Copy out the listing below exactly, please, and skip any pictures.
== Data shown ==
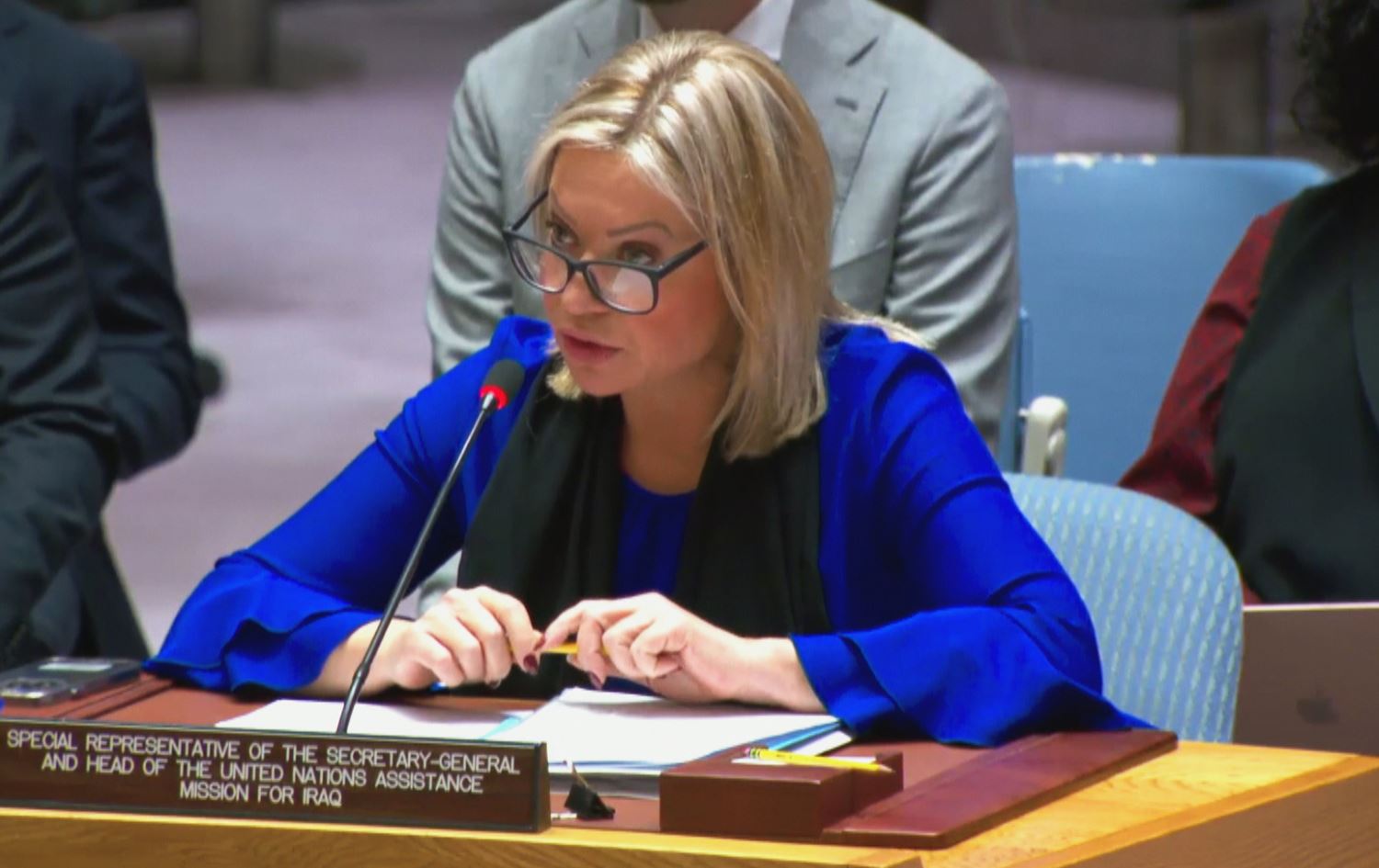 جێنین هێنیس پلاسخارت، نوێنەری سکرتێری گشتیی نەتەوە یەکگرتووەکان لە عێراق لەبارەی دۆخی عێراق و هەرێمی کوردستانەوە لە ئەنجوومەنی ئاسایشی نێودەوڵەتی لە نیویۆرک گوتارێکی پێشکێش کرد.
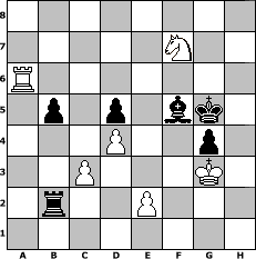 game notation in PGN-format [Event "Unter uns Nr. 8"] [Site "www.myChess.de"] [Date "2013.03.03"] [Round "1"] [White "alpacino"] [Black "reisinger"] [ECO "C00"] [WhitemyELO "1354"] [BlackmyELO "1494"] [Result "1-0"] [TimeControl "10/864000"] [WhiteDays "59"] [BlackDays "60"] [MyChessNo "86934"] 1. e4 e6 2. Nc3 d5 3. d4 Bb4 4. e5 Ne7 5. Bd2 a6 6. a3 Bxc3 7. Bxc3 Nbc6 8. Bd3 Nf5 9. Bxf5 exf5 10. Nf3 O-O 11. O-O Be6 12. Bd2 Re8 13. c3 h6 14. Re1 Na5 15. b3 b5 16. b4 Nc4 17. Qc1 a5 18. bxa5 Rxa5 19. h3 Qe7 20. Qb1 Rea8 21. Bf4 Nxa3 22. Qc1 Nc4 23. Rxa5 Rxa5 24. Kh1 Ra2 25. Kg1 c6 26. Qb1 Rb2 27. Qa1 Qa3 28. Qxa3 Nxa3 29. Bc1 Rb3 30. Bxa3 Rxa3 31. Rc1 g5 32. Kf1 Ra2 33. Ke1 Kg7 34. g3 f6 35. Kf1 g4 36. hxg4 fxg4 37. exf6+ Kxf6 38. Ne5 Ra6 39. Nd3 Bf5 40. Nc5 Ra8 41. Kg1 h5 42. Kh2 Be4 43. Nd7+ Kg5 44. Ne5 h4 45. Nf7+ Kf6 46. Ne5 hxg3+ 47. Kxg3 Bf5 48. Nxc6 Rh8 49. Kf4 Rh3 50. Ne5 Rh2 51. Ra1 Rxf2+ 52. Kg3 Rc2 53. Ra3 Rb2 54. Ra6+ Kg5 55. Nf7+ 1-0 position notation in FEN-format 8/5N2/R7/1p1p1bk1/3P2p1/2P3K1/1r2P3/8 - - - 7 55 Captured white pieces: Captured black pieces: Click on a captured piece in order to display the desired move!
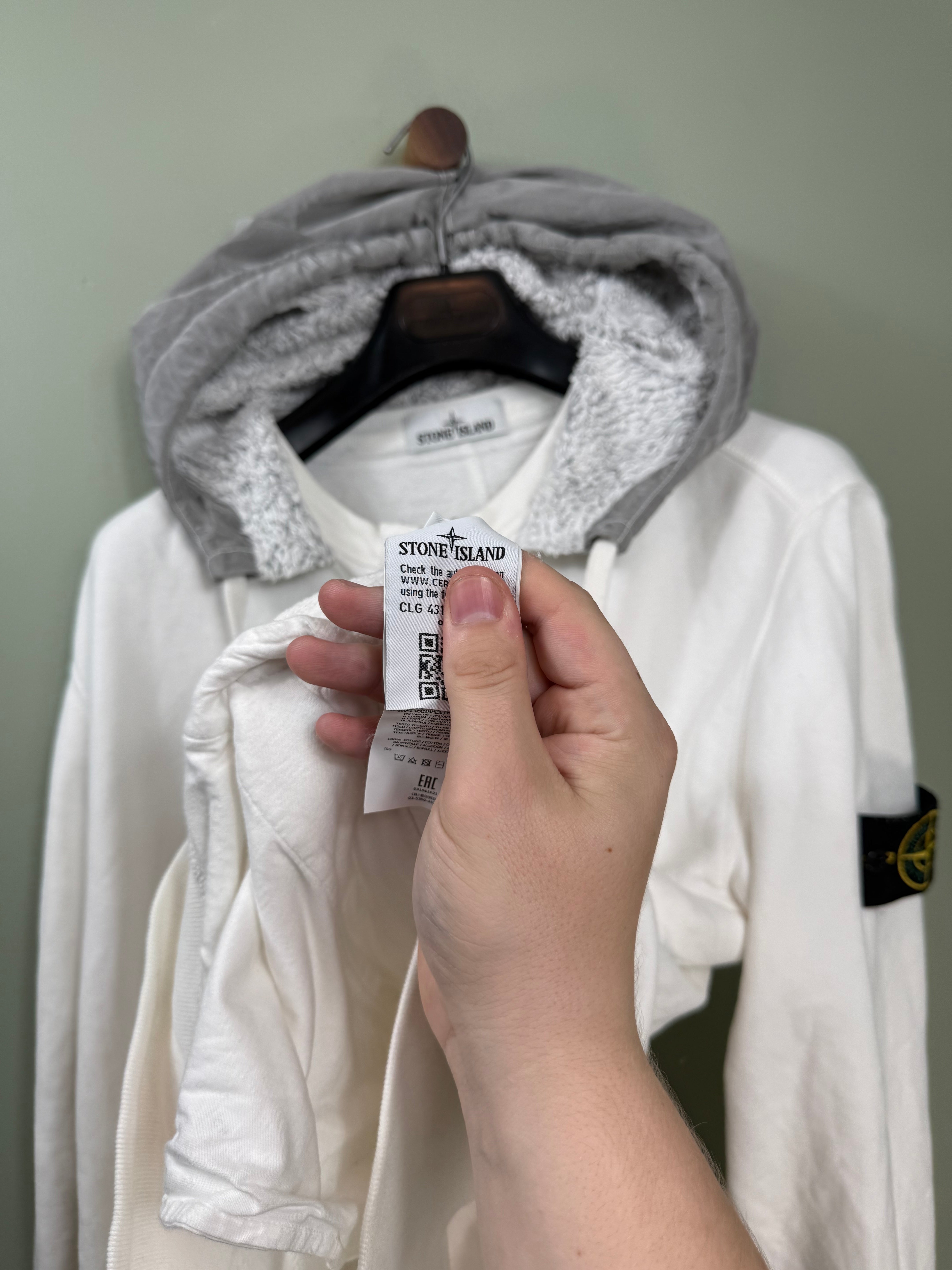 Stone Island White 1/4 Zip Hoodie
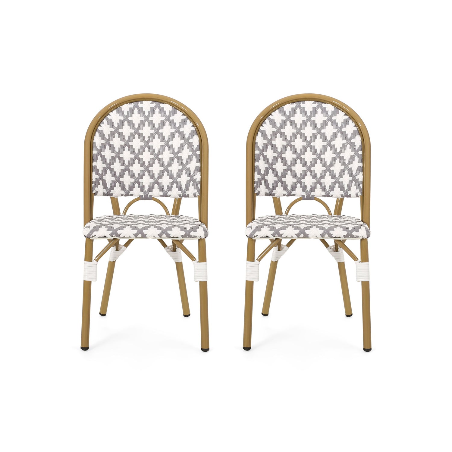 Outdoor Rattan And Aluminum French Bistro Chairs Set Bamboo - White / Gray
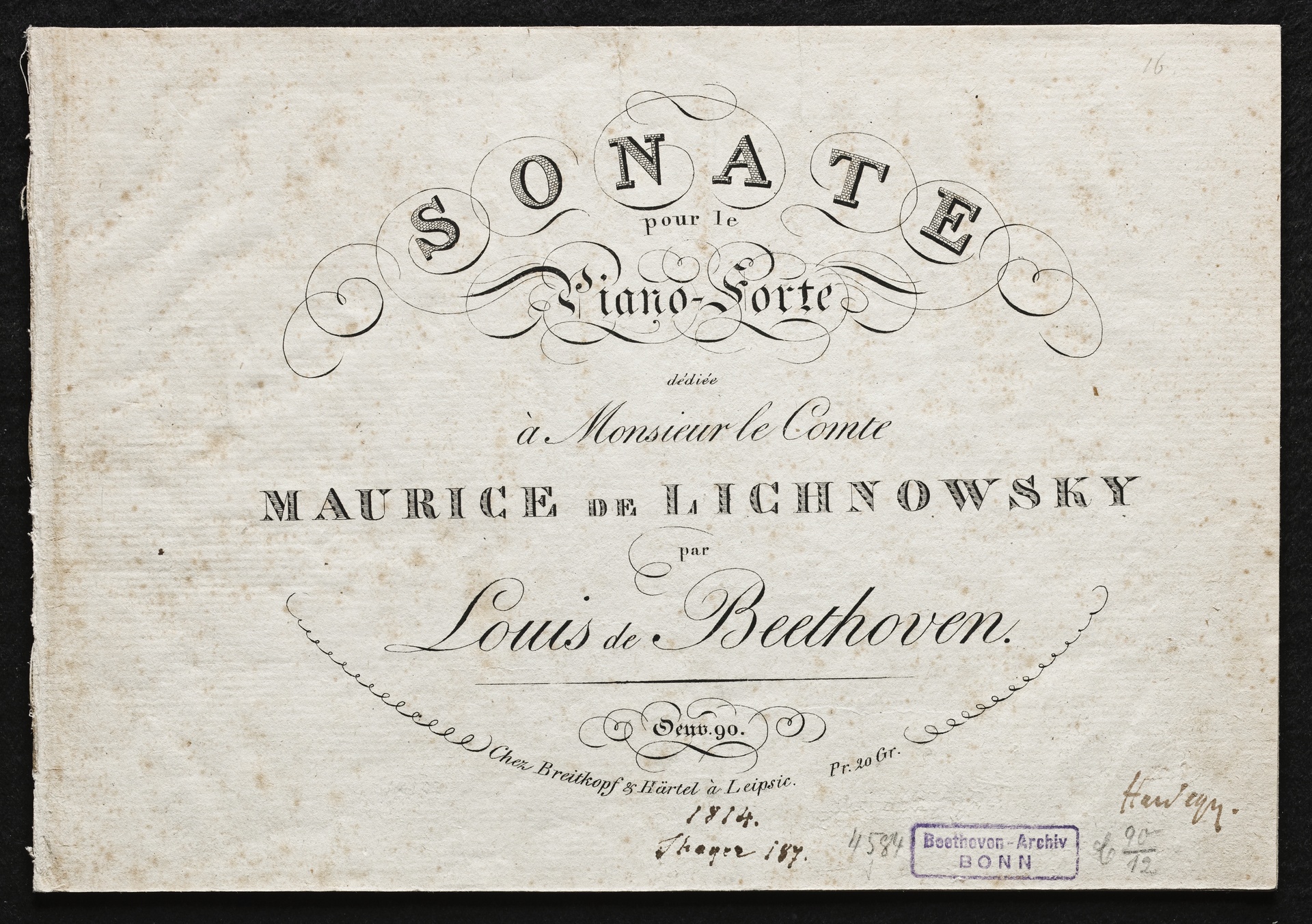 Ludwig van Beethoven, Sonate für Klavier (e-Moll) op. 90, Breitkopf und Härtel, 2350
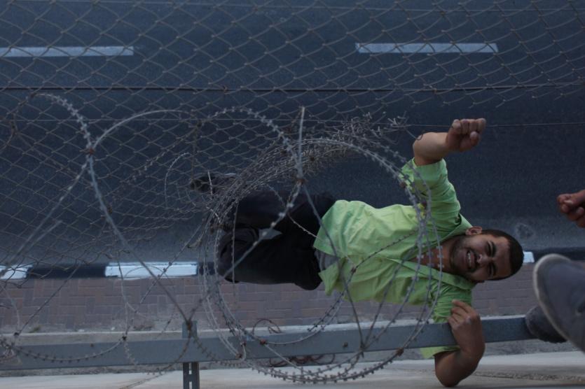 أثناء محاولة شبان اجتياز الجدار بعد منعهم من الدخول من خلال حاجز قلنديا
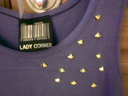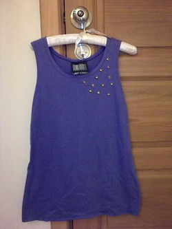 4.เสื้อกล้ามสีม่วงปักหมุดทอง
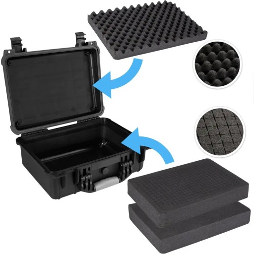 - 3 wyjmowane wkłady piankowe (pianka z wypustkami pod pokrywą, pianka pocięta na sześciany, cienka pianka na dnie)
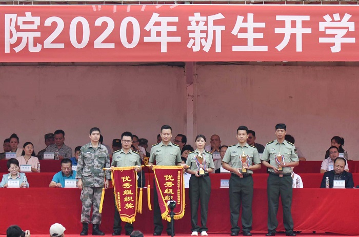 副校長黃銀珍為軍訓(xùn)科目展演獲獎學(xué)院頒獎(黨委宣傳部供圖)
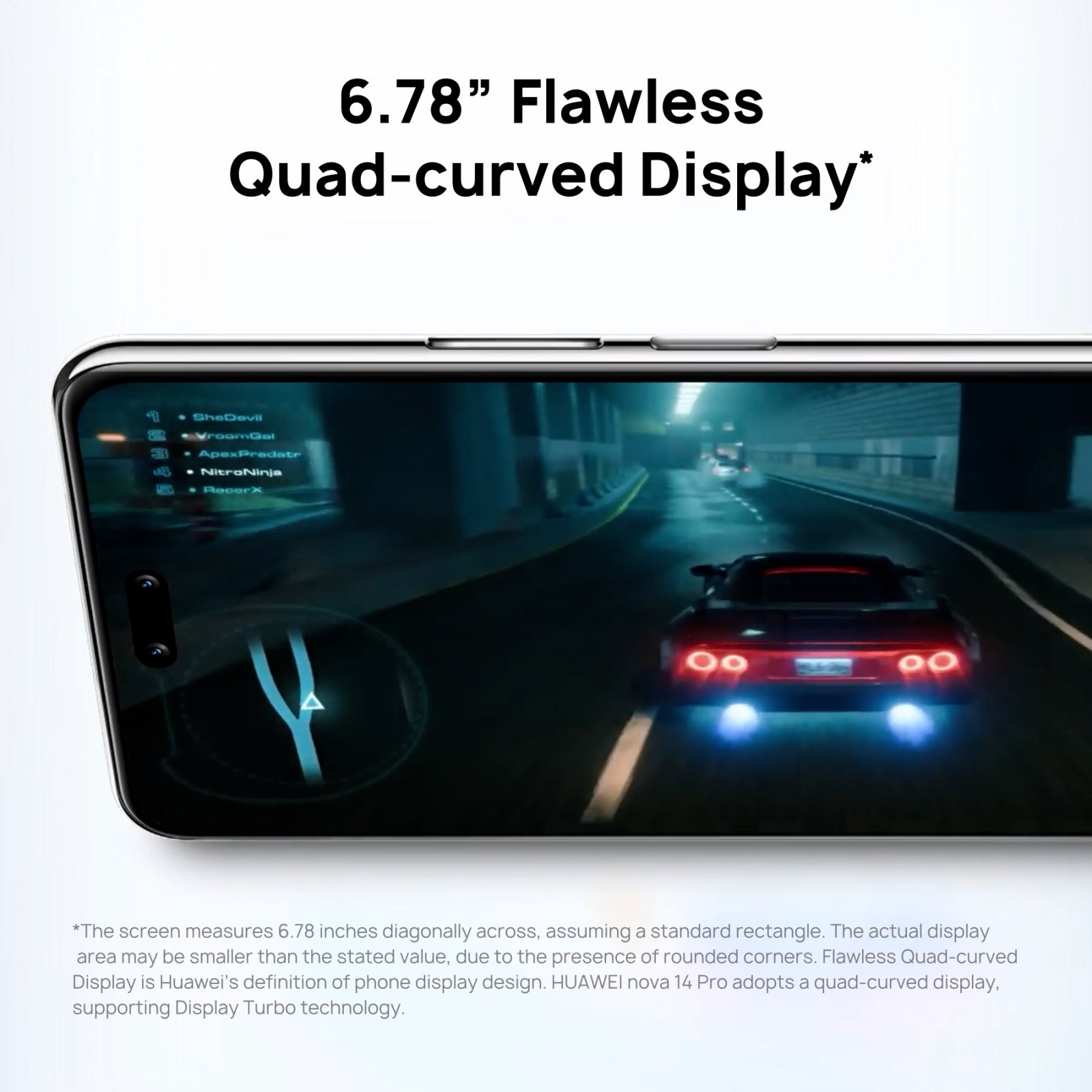 - HUAWEI nova 14 Pro: หน้าจอขนาดใหญ่ 6.78 นิ้ว ขอบโค้งพรีเมียม ให้สัมผัสที่จับถนัดมือ
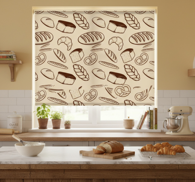 Reference: E6288Introducing our stunning Kitchen roller blind with bakery elements pattern, featuring delightful designs that inspire warmth and creativity in your culinary space! This unique roller blind showcases charming bakery motifs, including whimsical cupcakes, aromatic bread loaves, and delicate pastries, all artfully arranged to create a cozy atmosphere that invites you to bake and enjoy. The blend of soft colors and playful patterns not only enhances your kitchen's aesthetic but also brings a touch of joy and personality into your home!
===
● Problem solution:
 جێنین هێنیس پلاسخارت، نوێنەری سکرتێری گشتیی نەتەوە یەکگرتووەکان لە عێراق لەبارەی دۆخی عێراق و هەرێمی کوردستانەوە لە ئەنجوومەنی ئاسایشی نێودەوڵەتی لە نیویۆرک گوتارێکی پێشکێش کرد.
 game notation in PGN-format [Event "Unter uns Nr. 8"] [Site "www.myChess.de"] [Date "2013.03.03"] [Round "1"] [White "alpacino"] [Black "reisinger"] [ECO "C00"] [WhitemyELO "1354"] [BlackmyELO "1494"] [Result "1-0"] [TimeControl "10/864000"] [WhiteDays "59"] [BlackDays "60"] [MyChessNo "86934"] 1. e4 e6 2. Nc3 d5 3. d4 Bb4 4. e5 Ne7 5. Bd2 a6 6. a3 Bxc3 7. Bxc3 Nbc6 8. Bd3 Nf5 9. Bxf5 exf5 10. Nf3 O-O 11. O-O Be6 12. Bd2 Re8 13. c3 h6 14. Re1 Na5 15. b3 b5 16. b4 Nc4 17. Qc1 a5 18. bxa5 Rxa5 19. h3 Qe7 20. Qb1 Rea8 21. Bf4 Nxa3 22. Qc1 Nc4 23. Rxa5 Rxa5 24. Kh1 Ra2 25. Kg1 c6 26. Qb1 Rb2 27. Qa1 Qa3 28. Qxa3 Nxa3 29. Bc1 Rb3 30. Bxa3 Rxa3 31. Rc1 g5 32. Kf1 Ra2 33. Ke1 Kg7 34. g3 f6 35. Kf1 g4 36. hxg4 fxg4 37. exf6+ Kxf6 38. Ne5 Ra6 39. Nd3 Bf5 40. Nc5 Ra8 41. Kg1 h5 42. Kh2 Be4 43. Nd7+ Kg5 44. Ne5 h4 45. Nf7+ Kf6 46. Ne5 hxg3+ 47. Kxg3 Bf5 48. Nxc6 Rh8 49. Kf4 Rh3 50. Ne5 Rh2 51. Ra1 Rxf2+ 52. Kg3 Rc2 53. Ra3 Rb2 54. Ra6+ Kg5 55. Nf7+ 1-0 position notation in FEN-format 8/5N2/R7/1p1p1bk1/3P2p1/2P3K1/1r2P3/8 - - - 7 55 Captured white pieces: Captured black pieces: Click on a captured piece in order to display the desired move!
 Stone Island White 1/4 Zip Hoodie
 Outdoor Rattan And Aluminum French Bistro Chairs Set Bamboo - White / Gray
 Ludwig van Beethoven, Sonate für Klavier (e-Moll) op. 90, Breitkopf und Härtel, 2350
 أثناء محاولة شبان اجتياز الجدار بعد منعهم من الدخول من خلال حاجز قلنديا
 4.เสื้อกล้ามสีม่วงปักหมุดทอง
 - 3 wyjmowane wkłady piankowe (pianka z wypustkami pod pokrywą, pianka pocięta na sześciany, cienka pianka na dnie)
 副校長黃銀珍為軍訓(xùn)科目展演獲獎學(xué)院頒獎(黨委宣傳部供圖)
 - HUAWEI nova 14 Pro: หน้าจอขนาดใหญ่ 6.78 นิ้ว ขอบโค้งพรีเมียม ให้สัมผัสที่จับถนัดมือ
 Reference: E6288Introducing our stunning Kitchen roller blind with bakery elements pattern, featuring delightful designs that inspire warmth and creativity in your culinary space! This unique roller blind showcases charming bakery motifs, including whimsical cupcakes, aromatic bread loaves, and delicate pastries, all artfully arranged to create a cozy atmosphere that invites you to bake and enjoy. The blend of soft colors and playful patterns not only enhances your kitchen's aesthetic but also brings a touch of joy and personality into your home!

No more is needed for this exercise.